# [TASK REQUIREMENTS]
Could the data below be copied exactly, minus the pictures?

--- RECORDED INFORMATION ---

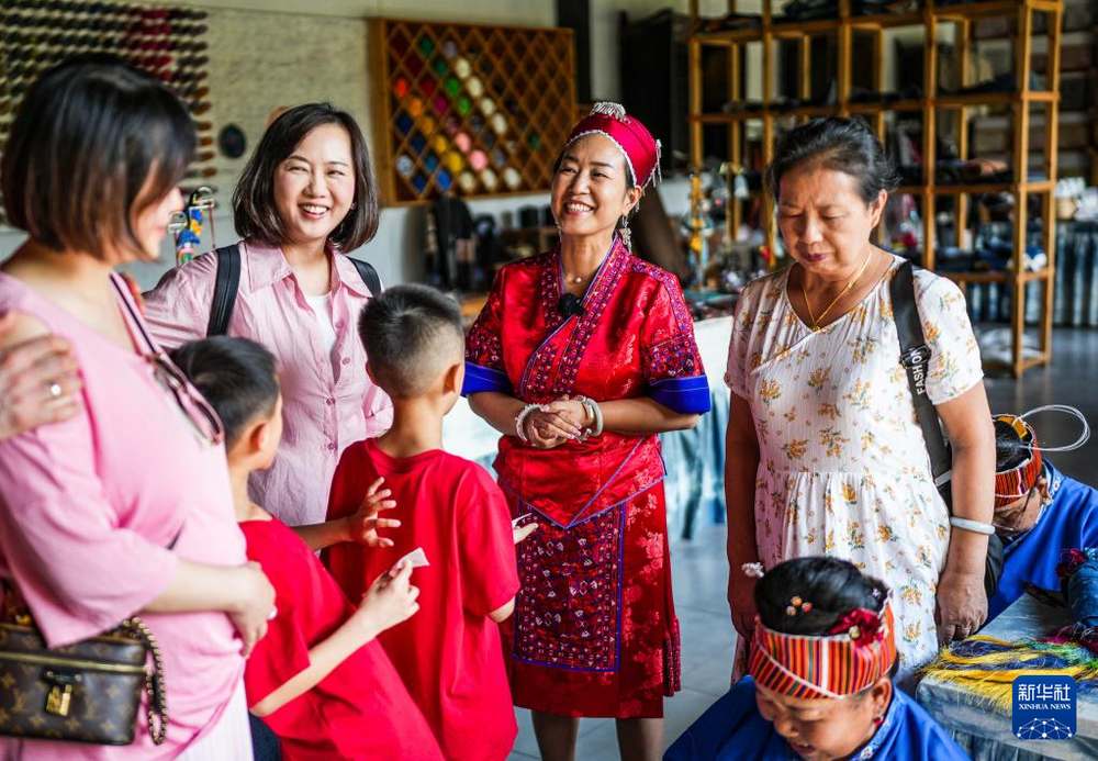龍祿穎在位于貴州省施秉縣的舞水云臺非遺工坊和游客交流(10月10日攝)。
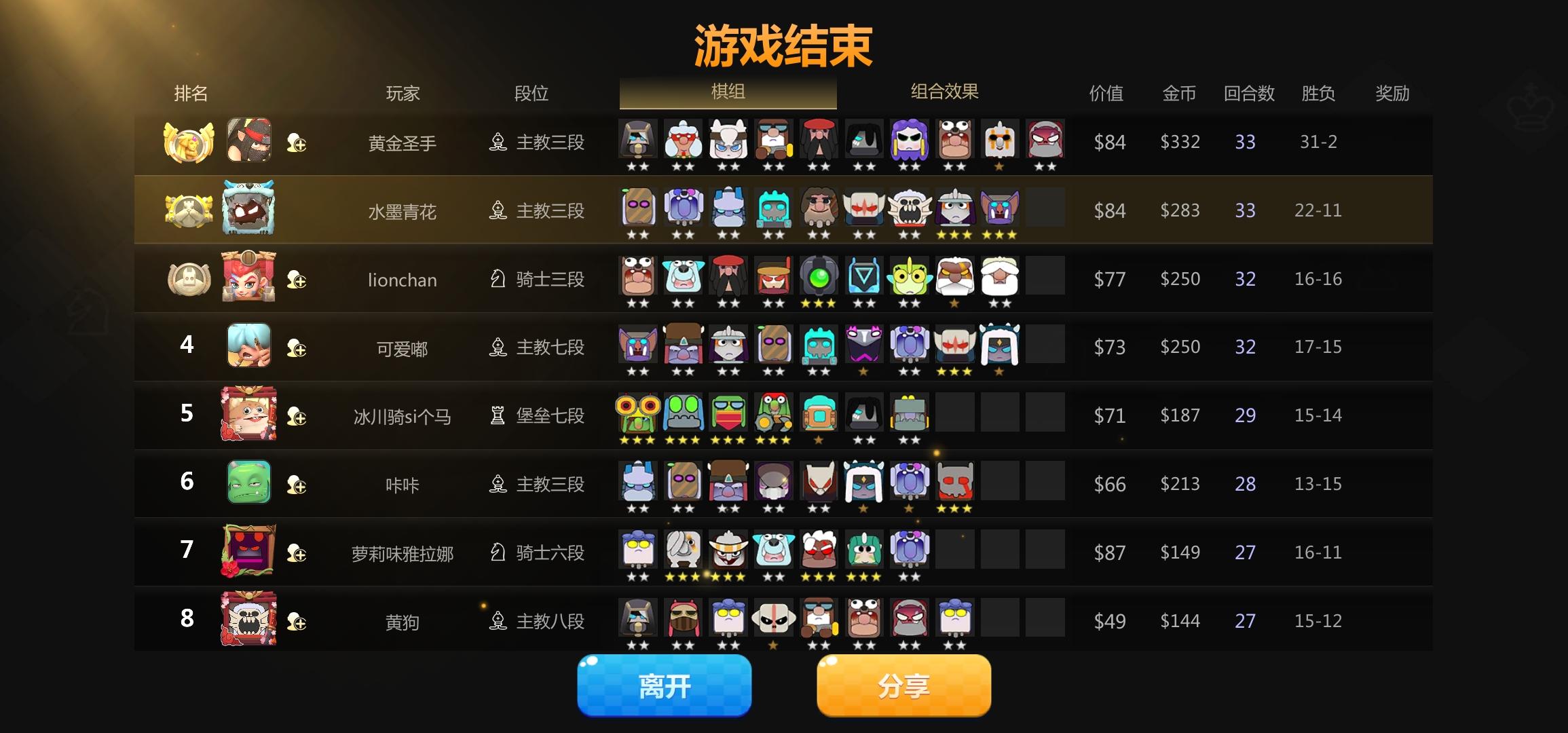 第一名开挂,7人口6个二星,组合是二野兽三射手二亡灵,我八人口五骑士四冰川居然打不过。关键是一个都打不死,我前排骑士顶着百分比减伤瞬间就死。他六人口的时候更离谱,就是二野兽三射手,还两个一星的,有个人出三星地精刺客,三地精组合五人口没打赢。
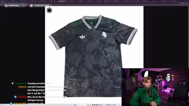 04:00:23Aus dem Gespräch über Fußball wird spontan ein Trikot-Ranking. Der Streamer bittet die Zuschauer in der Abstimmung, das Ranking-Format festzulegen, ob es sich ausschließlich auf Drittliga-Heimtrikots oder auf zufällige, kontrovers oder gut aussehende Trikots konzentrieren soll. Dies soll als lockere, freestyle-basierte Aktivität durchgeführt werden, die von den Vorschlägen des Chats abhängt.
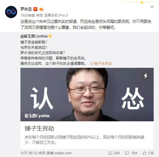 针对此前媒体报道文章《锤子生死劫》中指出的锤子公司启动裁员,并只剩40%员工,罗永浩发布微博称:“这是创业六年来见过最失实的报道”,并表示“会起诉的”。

---

# [SOLUTION BELOW]
龍祿穎在位于貴州省施秉縣的舞水云臺非遺工坊和游客交流(10月10日攝)。
 第一名开挂,7人口6个二星,组合是二野兽三射手二亡灵,我八人口五骑士四冰川居然打不过。关键是一个都打不死,我前排骑士顶着百分比减伤瞬间就死。他六人口的时候更离谱,就是二野兽三射手,还两个一星的,有个人出三星地精刺客,三地精组合五人口没打赢。
 04:00:23Aus dem Gespräch über Fußball wird spontan ein Trikot-Ranking. Der Streamer bittet die Zuschauer in der Abstimmung, das Ranking-Format festzulegen, ob es sich ausschließlich auf Drittliga-Heimtrikots oder auf zufällige, kontrovers oder gut aussehende Trikots konzentrieren soll. Dies soll als lockere, freestyle-basierte Aktivität durchgeführt werden, die von den Vorschlägen des Chats abhängt.
 针对此前媒体报道文章《锤子生死劫》中指出的锤子公司启动裁员,并只剩40%员工,罗永浩发布微博称:“这是创业六年来见过最失实的报道”,并表示“会起诉的”。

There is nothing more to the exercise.